I've never been the biggest fan of moss but some of the Frodo has quite square edges and moss may just be the thing to take the edge off. The stone is very nice to look at and I really enjoy the sight of the nooks and crannies etc, I imagine Algae will too. That brings me onto lighting etc that's been mentioned; I've a Twinstar 900S suspended over the top which I can control the intensity of and also the height which maybe advantageous.
I most definitely want plants in there, exactly what and how is a big question and I imagine the final layout would help make that decision easier..
The biggest fear I have over circulation is sand just getting blown round everywhere!
I think a triangular type layout lends itself best, sloping towards the back right but I'm always willing to listen to other views and suggestions.
A layer of sand and going upwards is the plan and think having certain 'key' stones maybe even secured in place could be a good idea; there's loads of products aimed towards the salty side of things and it will always clean off stone if I ever wanted to in the future.
Wood is something I got put off a little after seeing the degradation it had on somebody's thread in the past months. I'm not against wood and actually really liked the piece I made a while back but it doesn't fit with the stone. I did have some Beech drying out but not been back to have a look for a while at its progress - maybe I should! I know a lot of it was just too straight and without character, unsure how I'd fit it in either.

On the livestock front I've got some really nice Blue Neocardinia shrimp from @Steve Buce that look great, I also went just before all of this started and 'got what I could' and ended up with some Neon Green Rasbora which just flash under the light and some Ember Tetra. Whether they will stay together or not is a question. I really like how a couple of different species look in a big shoal or two and these are proving quite characterful. I'm unsure the Ember Tetra will be as adventurous as the Green Rasbora but they do sometimes 'come out to play'
I'm not so keen on the blackwater look but that's not to say some of the fish are excluded.
I did enjoy some hockeystick pencilfish (nannostomus eques) and the way they acted before but think that colour could be more important with this kind of layout.
I do really like the Chilli Rasboa (boraras brigittae) but I understand them to be a bit iffy with shrimp and would rather they not eat the young of the shrimp I got from @Steve Buce.

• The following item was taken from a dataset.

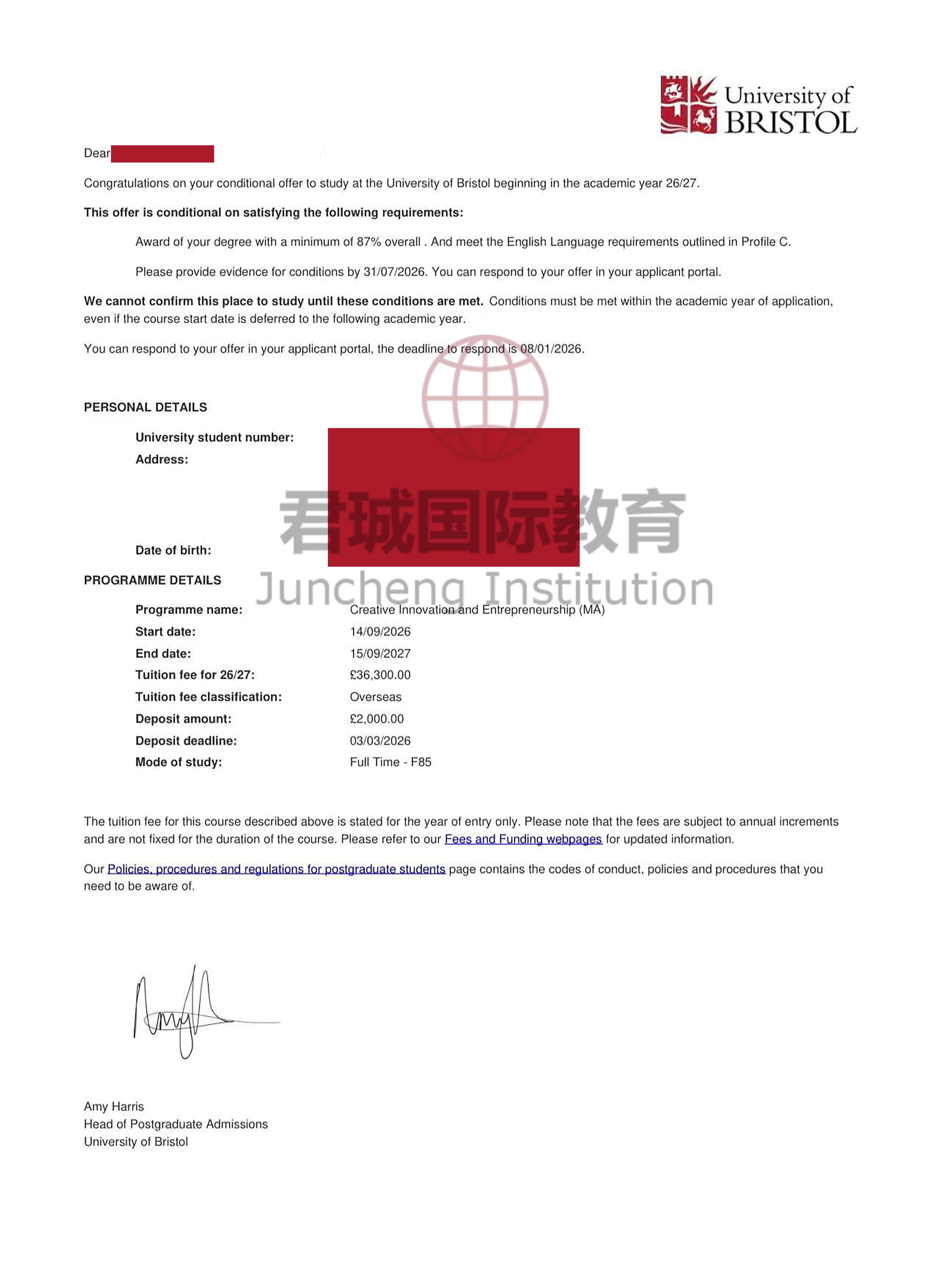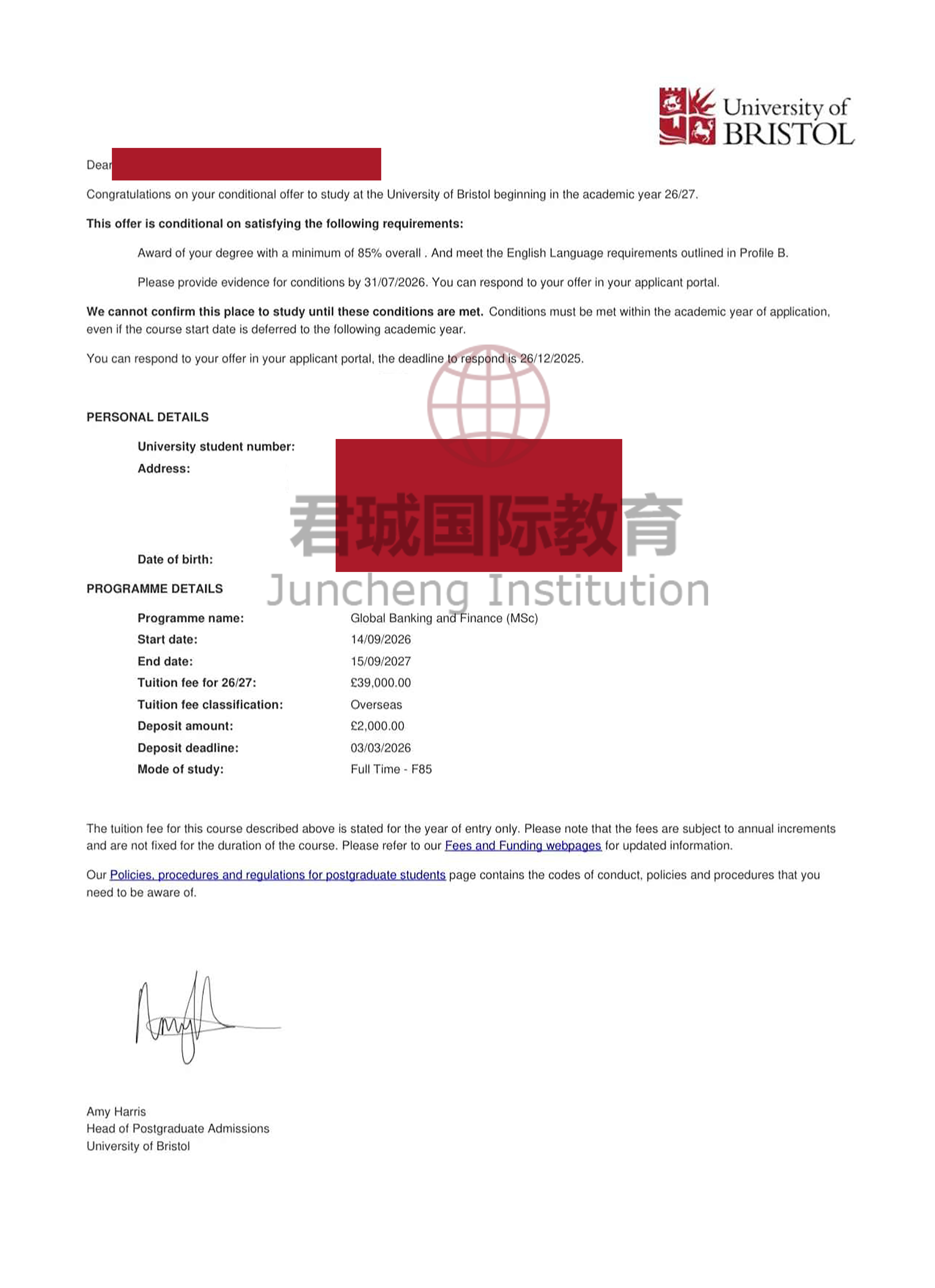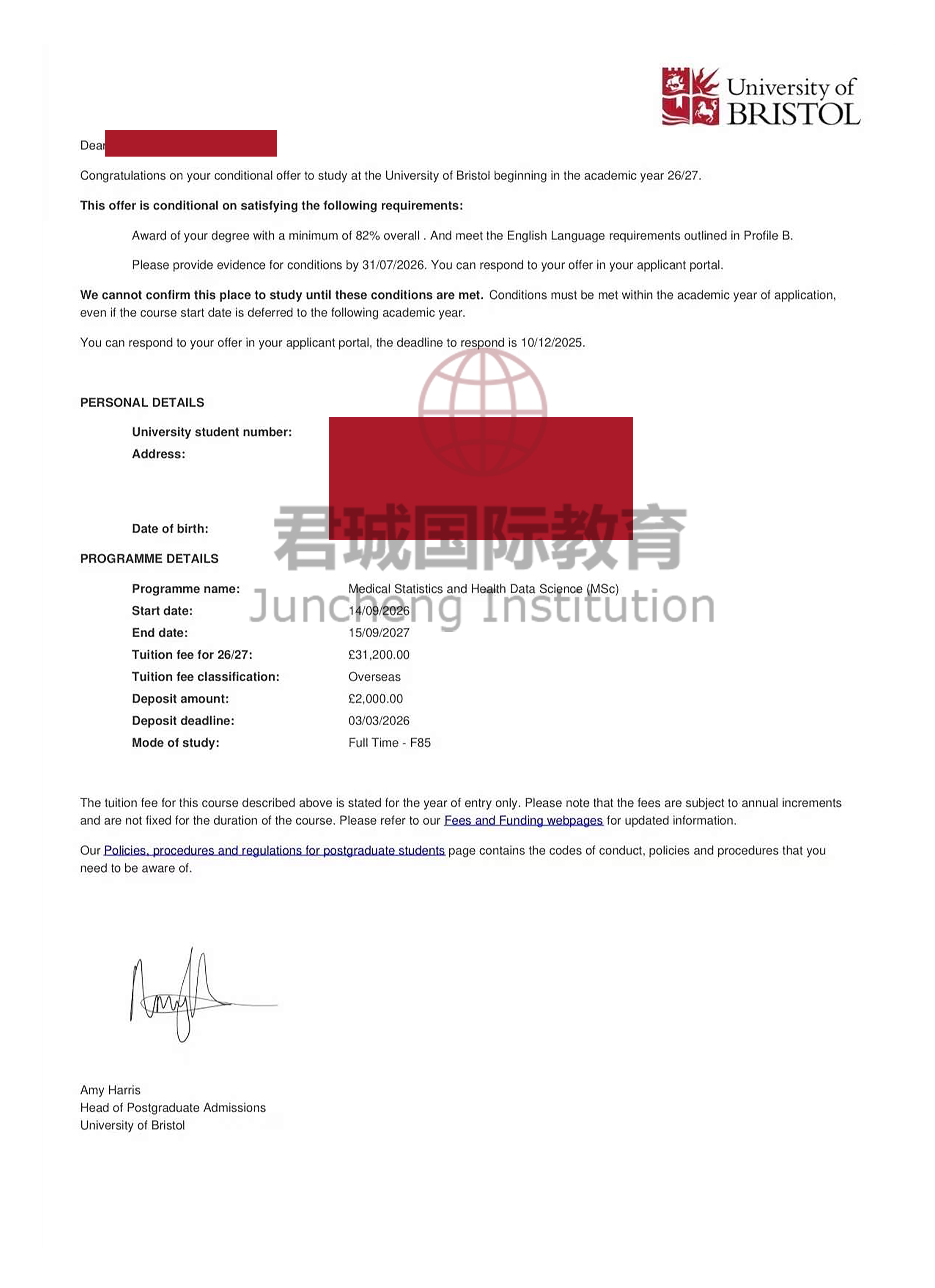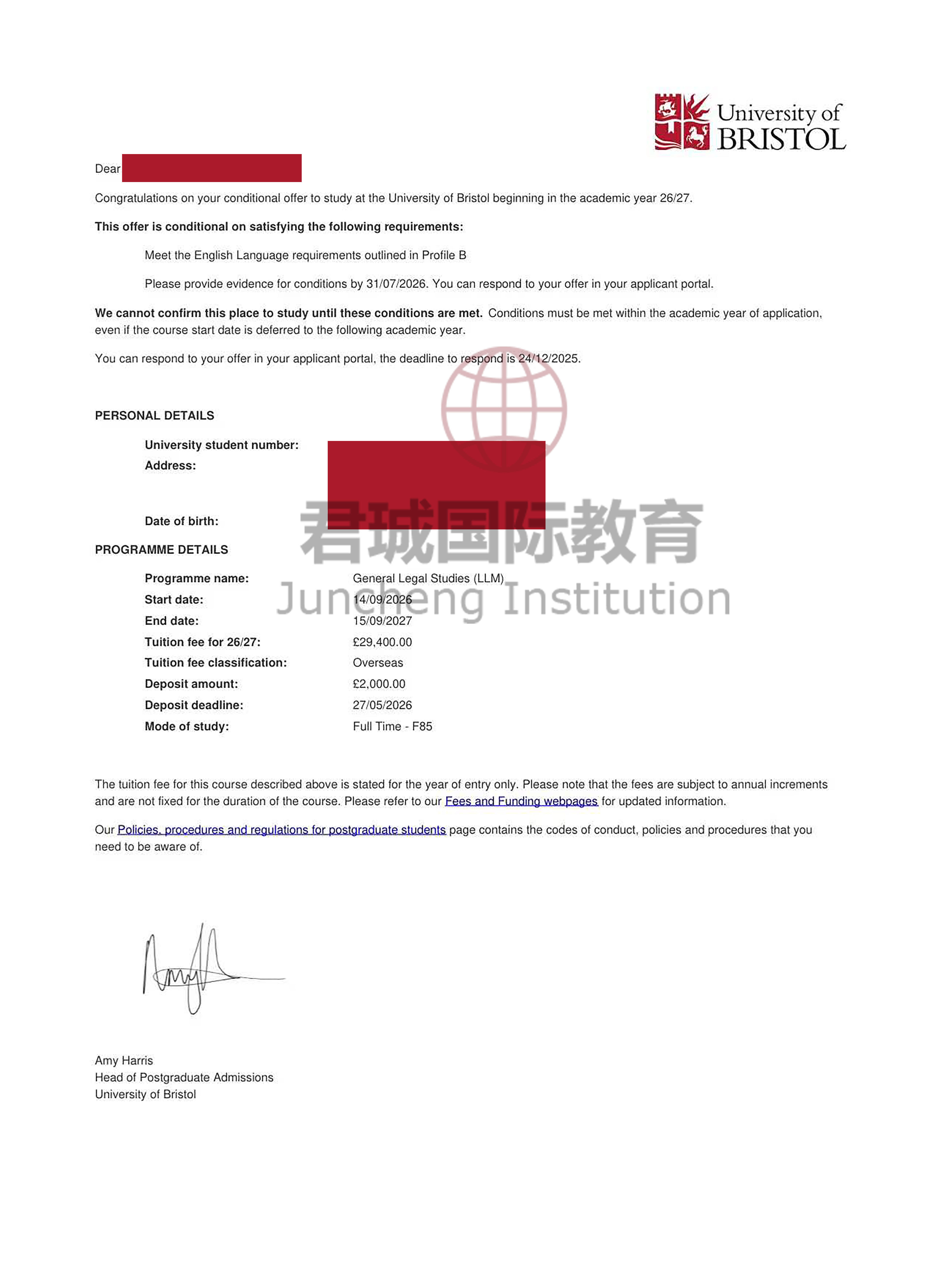 录取Offer:布里斯托大学 University of Bristol

Open to suggestions on everything. 

There's a few layouts I like and could take inspiration from but it's the execution I struggle with. Hopefully I can just have a play around outside and see where it gets me - straight lines and angles are my thing, not natural lines and curves.

You've probably seen it before but here's the picture of what I made before from a few pieces of Manzinita and with the stone being the size it is just won't balance out in my opinion. Photo just to give you an idea.


----------



## Jayefc1 (12 May 2020)

I like the simplistic rock and wood scape you have done when there is detailing finished off in the tank maybe some diffrent gradients of smaller stone to gravel to sand it would completely change the way you see it bit I can really imagine it already I watched a video recently from green aqua I think where the ADA guy used yoga Matt inside the tank to rest the rocks and wood on so they didnt slip and slide and to protect the bottom glass maybe worth thinking about


----------



## foxfish (12 May 2020)

I did a no soil tank with the C02 coming up from underneath the plants.


----------



## Andrew Butler (12 May 2020)

Jayefc1 said:


> The filter was already mature it is very over filtered with 2 JBL 1500 with in line co2 the sand is JBL zanzibar the sand barely moves to be honest now and again I get bare patches in corners but that again is from the filters I think the key to just sand and stone is really well filtered water and like ady says low light the light is a twinstar 600e on 60% and hung higher over the tank but still get reasonable growth from the plants and not to many alge issues





Jayefc1 said:


> I like the simplistic rock and wood scape you have done when there is detailing finished off in the tank maybe some diffrent gradients of smaller stone to gravel to sand it would completely change the way you see it bit I can really imagine it already I watched a video recently from green aqua I think where the ADA guy used yoga Matt inside the tank to rest the rocks and wood on so they didnt slip and slide and to protect the bottom glass maybe worth thinking about


Is Zanzibar about the same size/weight as La Plata?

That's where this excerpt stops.